We use a small number of logistics providers for substantially all of our product delivery to both distributors and retailers. This approach allows us to reduce order fulfillment time, reduce shipping costs and improve inventory flexibility.
Competition
We compete against established, well-known sellers of speakers and sound systems such as Bang & Olufsen, Bose, Samsung (and its subsidiaries Harman International and JBL), Sony and Sound United (and its subsidiaries Denon and Polk), and against developers of voice-enabled speakers and other voice-enabled products such as Amazon, Apple and Google. In some cases, our competitors are also our partners in our product development and resale and distribution channels. Many of our competitors have significant market share, diversified product lines, well-established supply and distribution systems, strong worldwide brand recognition, loyal customer bases and significant financial, marketing, research, development and other resources.
The principal competitive factors in our market include:
•brand awareness and reputation;
•breadth of product offering;
•price;
•sound quality;
•multi-room and wireless capabilities;
•customer support;
•product quality and design;
•ease of setup and use; and
•network of technology and content partners.
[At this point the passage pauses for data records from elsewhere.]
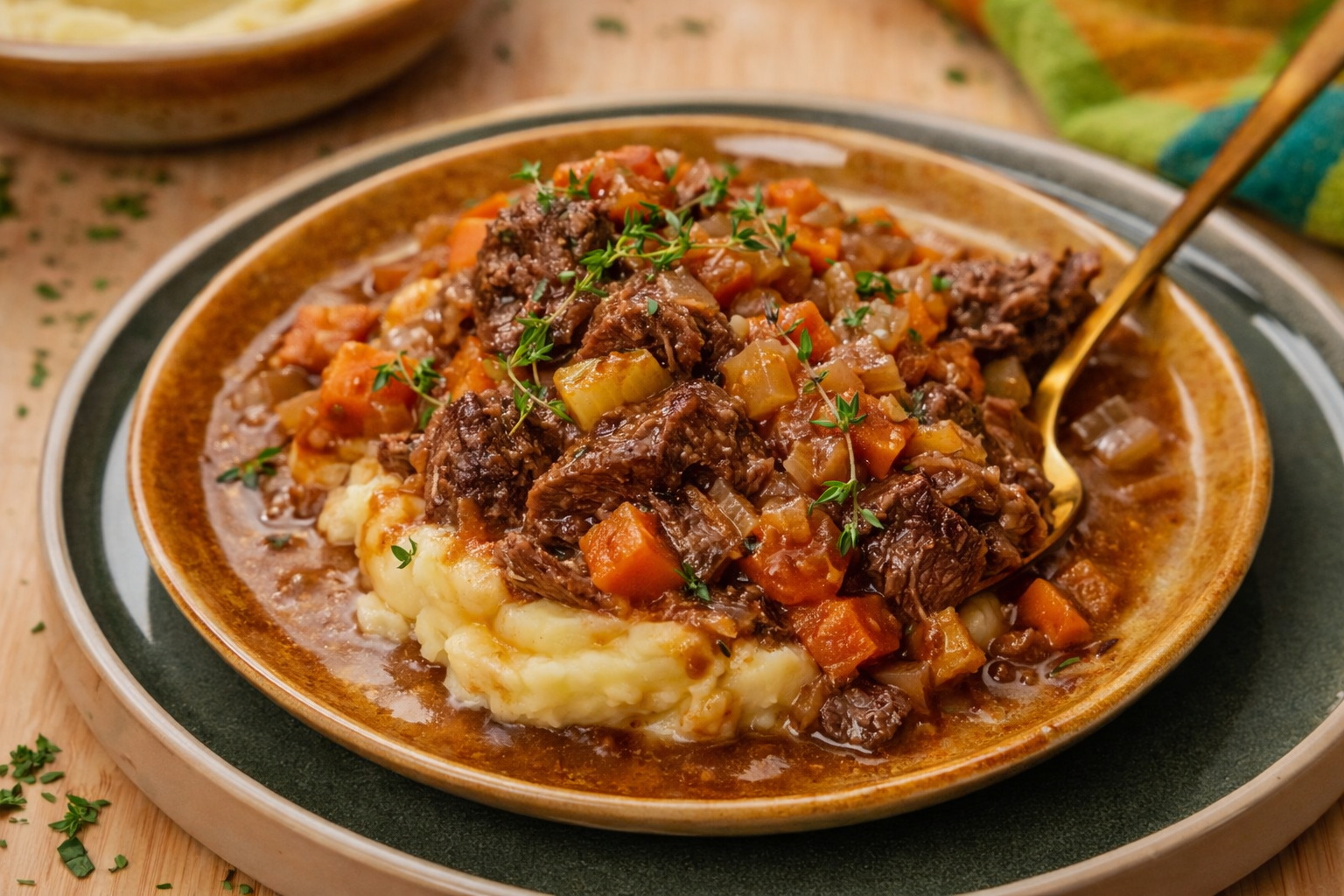 Junte o tomate, tempere com sal e pimenta e volte a colocar a carne no tacho. Tape e deixe cozinhar por 2 horas em lume brando.
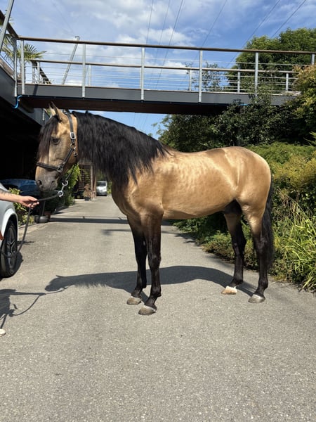A true dream stallion is looking for his perfect human: Spirit is a 6-year-old PRE stallion with a height of 1.67 m and a special color (buckskin). He combines beauty, expression, and character in ideal harmony. Spirit is licensed and impresses not only with his appearance but also with his noble character: - Licensed and with an excellent pedigree from Paco Marti - Kind and reliable in the field, whether alone or in a group. Strong nerves. - Always motivated, eager to learn, and people-oriented - Fine to ride, sensitive, and teachable – perfectly suited for classical riding and refined dressage work Spirit has everything you could wish for in a modern PRE stallion: charisma, rideability, reliability, and a heart of gold. X-ray images are available. You can find ongoing information about our sale horses on our Instagram channel: preschweiz
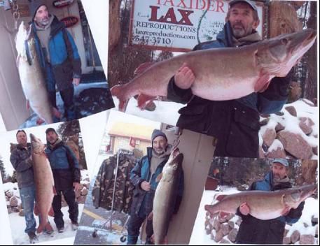 Posts: 2 | I know Rick posts on here too, so he may add to this later or start his own, but here's what I posted elsewhere: Tom Gelb's 48.0 # 52 ¾ “ Length 27 ½ “ Girth Musky - 11/27/07 My dad doesn't get on these boards, but since his fish last year I've spent some time on here and other boards reading what people have to say. He gave me the ok to post these pics. (The specs in the subject are from Lax's and his certified scale.) As a heads up to all who will question it, he tried for ~ 2 hours to revive it in 24 mph winds, 12 degree air temp (probably ~ 0 wind chill), and snow - by himself - and once he actually blew to shore he actually stood in the water while still trying to revive it... I'm sure Heiting will share the whole story when he gets back as he did with the first fish... or possibly Lax on another board. Matt Gelb Attachments ---------------- collagesmall2.jpg (36KB - 660 downloads) | ||

We believe we compete favorably with our competitors on the basis of the factors described above.
Intellectual property
Intellectual property is an important aspect of our business, and we seek protection for our intellectual property as appropriate. To establish and protect our proprietary rights, we rely upon a combination of patent, copyright, trade secret and trademark laws and contractual restrictions such as confidentiality agreements, licenses and intellectual property assignment agreements. We maintain a policy requiring our employees, contractors, consultants and other third parties to enter into confidentiality and proprietary rights agreements to control access to our proprietary information. These laws, procedures and restrictions provide only limited protection, and any of our intellectual property rights may be challenged, invalidated, circumvented, infringed or misappropriated. Furthermore, the laws of certain countries do not protect proprietary rights to the same extent as the laws of the United States, and we therefore may be unable to protect our proprietary technology in certain jurisdictions.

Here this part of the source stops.